Ozone therapy for in-office bleaching did not cause changes in enamel microhardness or surface micromorphology. It led to greater surface smoothness, with a shorter treatment time, compared to the conventional bleaching procedure using tray-delivered carbamide peroxide. This makes it safer in terms of changes in enamel surface properties. However, ozone application requires greater control and the use of a specific tray to prevent inhalation. Further studies are therefore needed to ensure a protocol that is safe, effective, and more convenient for both patient and professional.

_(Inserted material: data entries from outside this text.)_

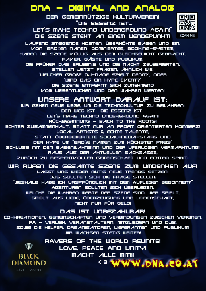 Bitte beachtet auch die Regeln, zB.: den DJ während dem Gig NICHT stören! Respektiert jeden! Toleranz ist uns auch sehr wichtig!
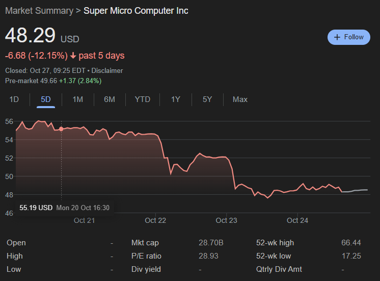 As of the time of writing, Monday, October 27, the SMCI stock is up 2.73% in pre-market, trading at $49.66 and somewhat mitigating its five-day drop of more than 12%.
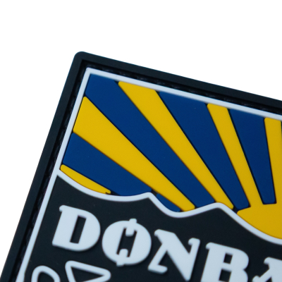На тлі суворих гірських силуетів Донбасу (териконів), що символізують індустріальне минуле та теперішній ландшафт війни, проступає контур автомата. Зброя тут не є статичною. Її білий, ніби намальований неоном, контур натякає на постійний рух, готовність і використання в умовах, коли час і простір деформуються. Це інструмент "движухи", невід'ємна частина бойового життя.
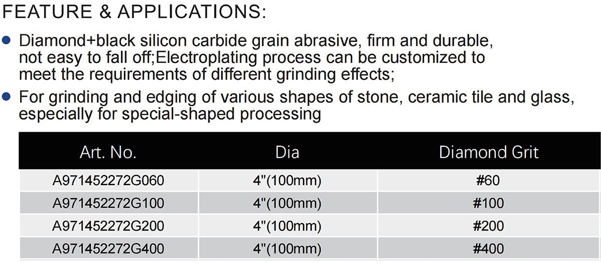 The Electroplated Diamond Silicon Carbide Grinding Plate with an arrow pattern is designed for general-purpose grinding and edging of various materials, including stone, ceramic tile, and glass, especially for specialized and shaped processing. It combines diamond and black silicon carbide grains for a firm, durable abrasive surface that is wear-resistant, and its electroplating process allows for customization to achieve different grinding effects. This 4-inch (100 mm) diameter grinding plate is available in four grit options: #60 (Art. No. A971452272G060), #100 (Art. No. A971452272G100), #200 (Art. No. A971452272G200), and #400 (Art. No. A971452272G400), providing versatility for a range of material removal and finishing tasks.
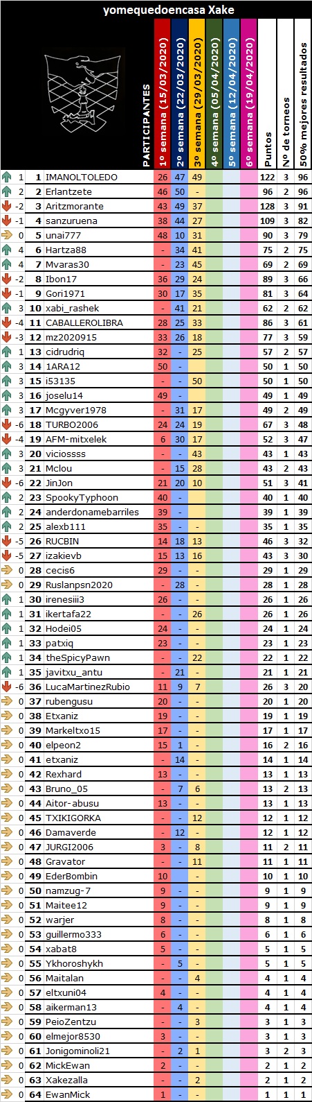 Hoy por la tarde, ha tenido lugar el segundo día de la nueva competición de clubes/equipos vascos denominada Batalla por Equipos AJEDREZVASCO en Lichess.org, con dos grupos de equipos que se jugará de lunes a viernes, bajando los tres últimos del grupo A y subiendo los tres primeros del grupo B cada ronda. Nuestro equipo ha jugado en el grupo ha y lo ha hecho verdaderamente bien, logrando mantener la categoría. La victoria ha sido para el Orvina (información del torneo de hoy aquí), Zorionak!!!.
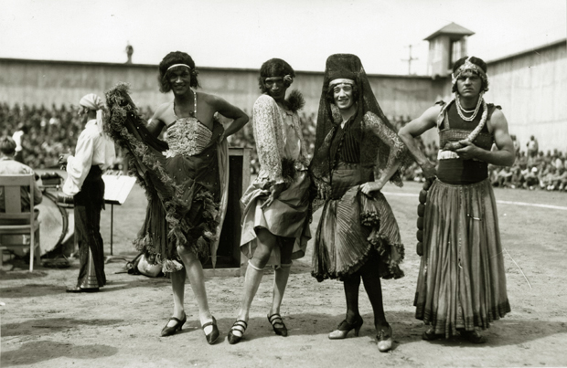 Prisoners in costume parading at the San Quentin Little Olympics Field Meet, 1930. Courtesy Anne T. Kent California Room Collection, Marin County Free Library.
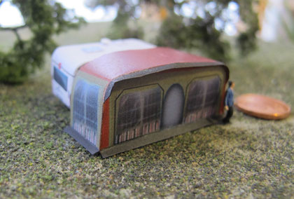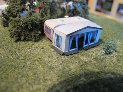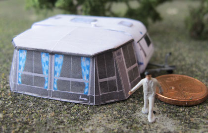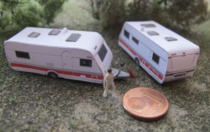 Die Wohnwagen entstehen in Kartonbauweise (120 g Papier, Laserdruck; 160 g Papier für Spur H0) und sind durch eine schichtweise innere
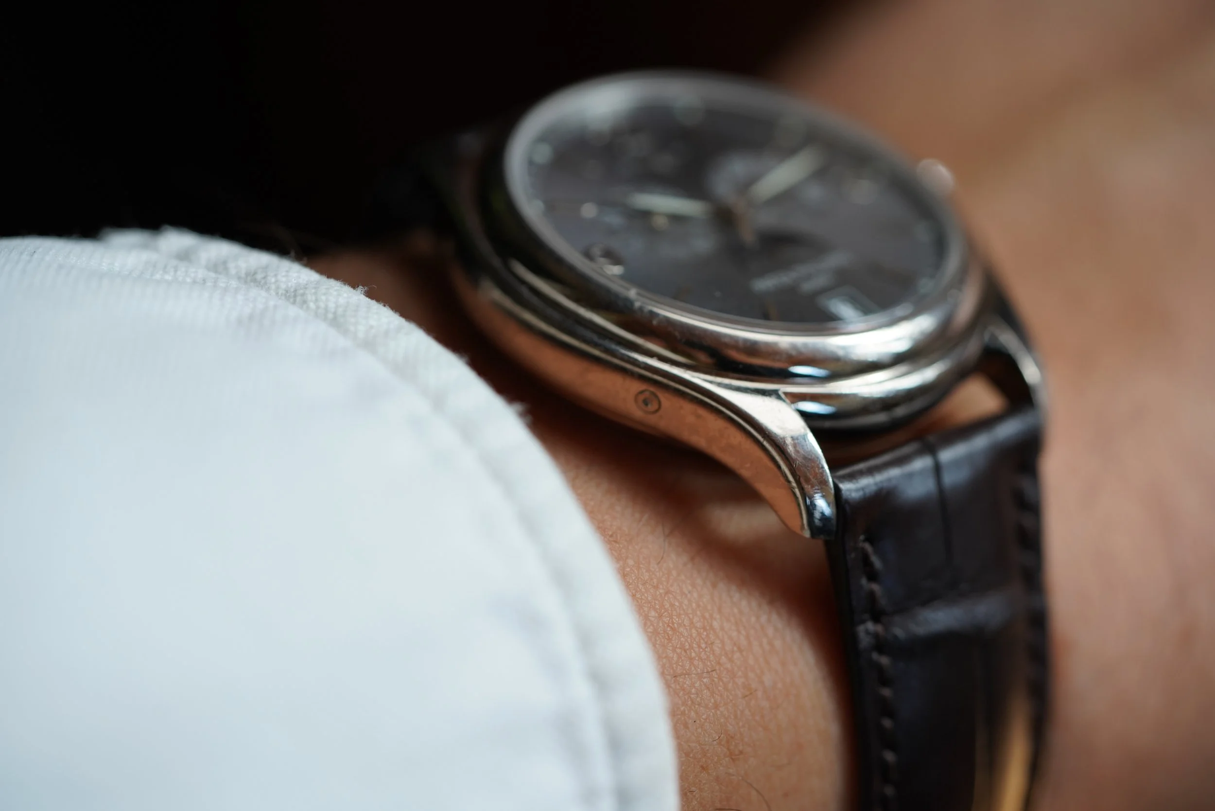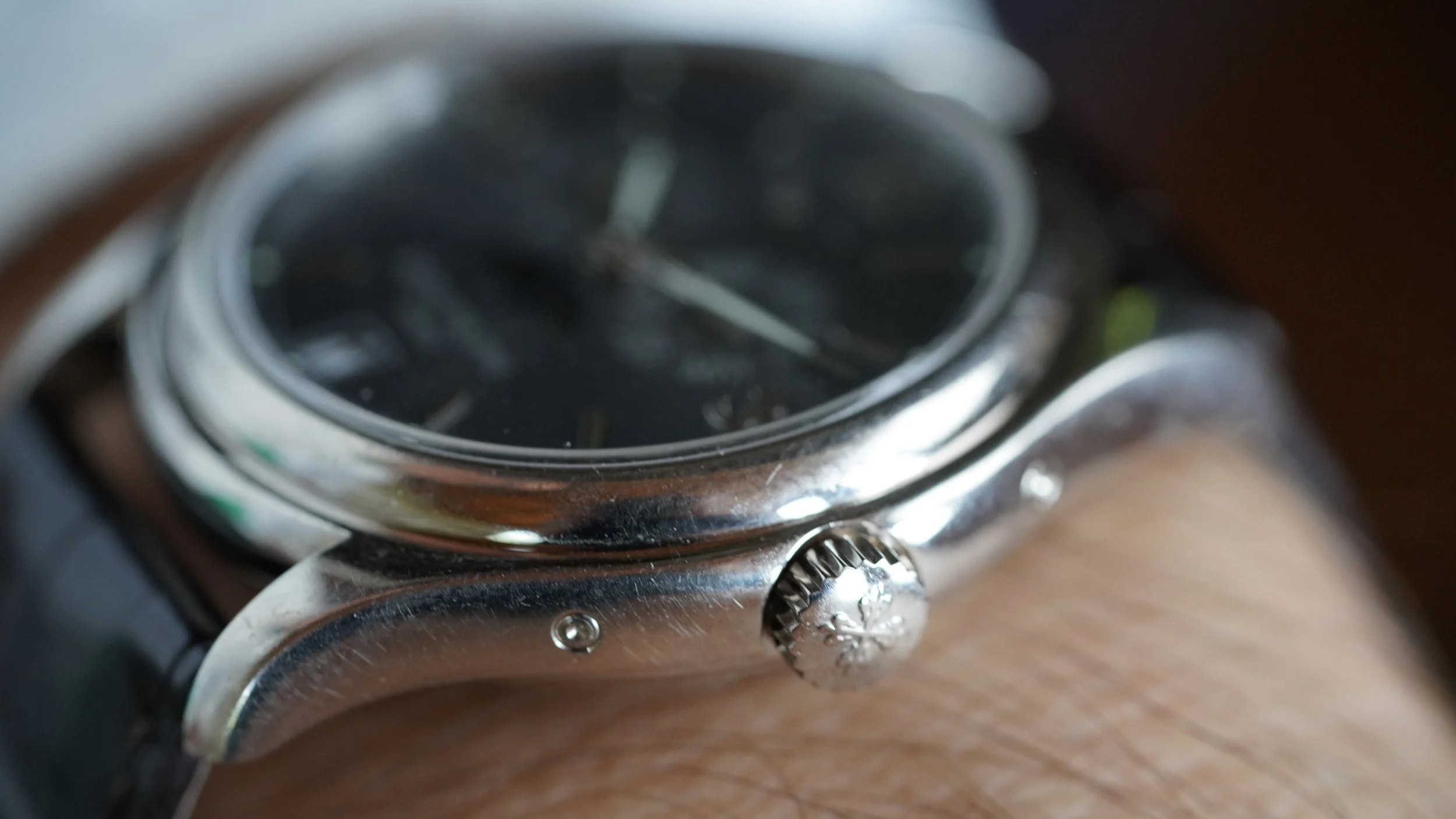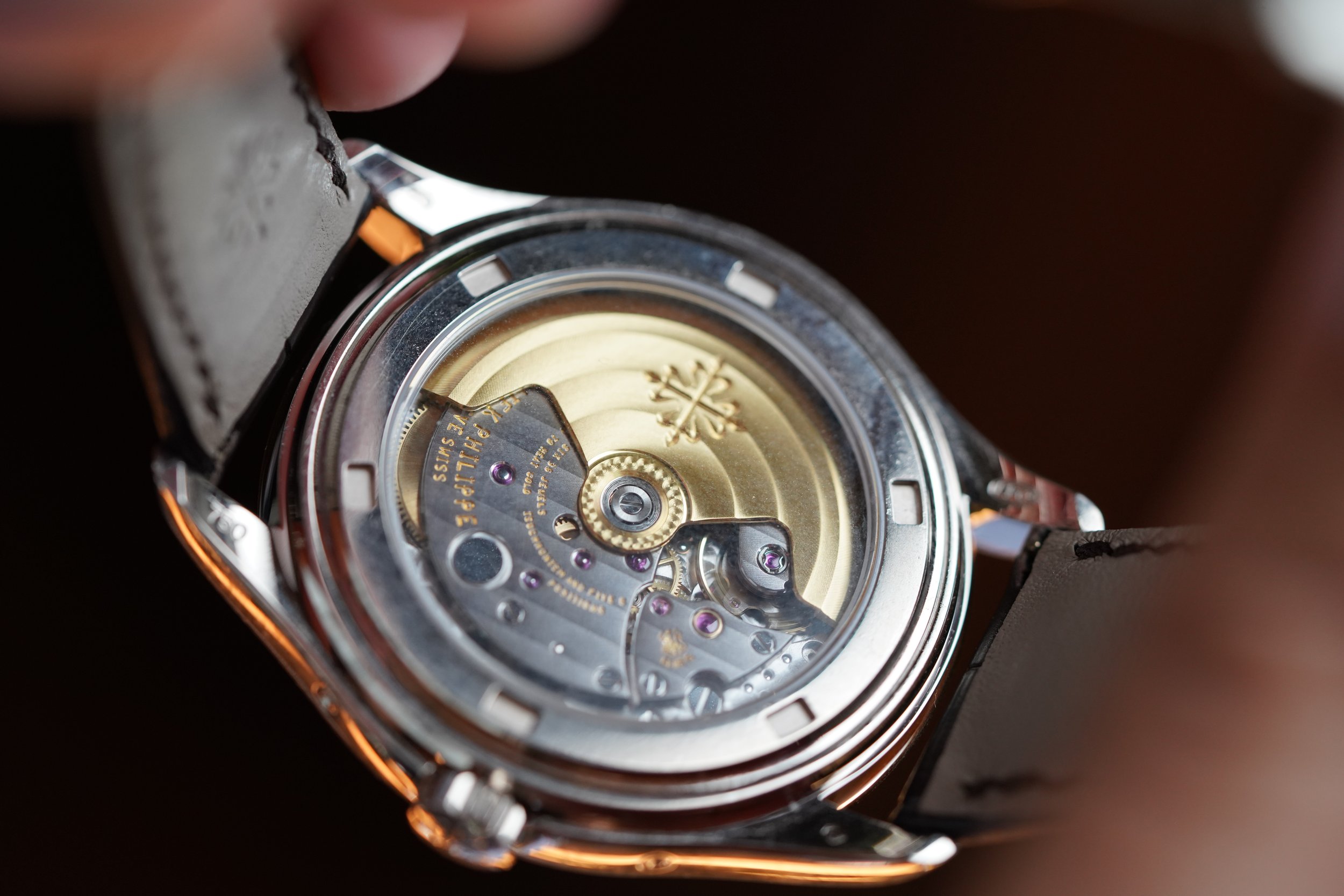 The watch does not come with a box or papers. It does come with service receipts from Patek Philippe dating to 2026 and is running well. The watch dates to 2007.

It can be concluded that treatment with 10% carbamide peroxide for use in trays changed enamel surface properties more than treatments with ozone or with 10% ozonized carbamide peroxide for use in the office. Gaseous ozone therapy for bleaching treatment, with or without carbamide peroxide, maintained the mechanical and physical properties of microhardness and micromorphology of the enamel surface, and either maintained or reduced surface roughness, compared to the conventional tray-delivered carbamide peroxide whitening treatment.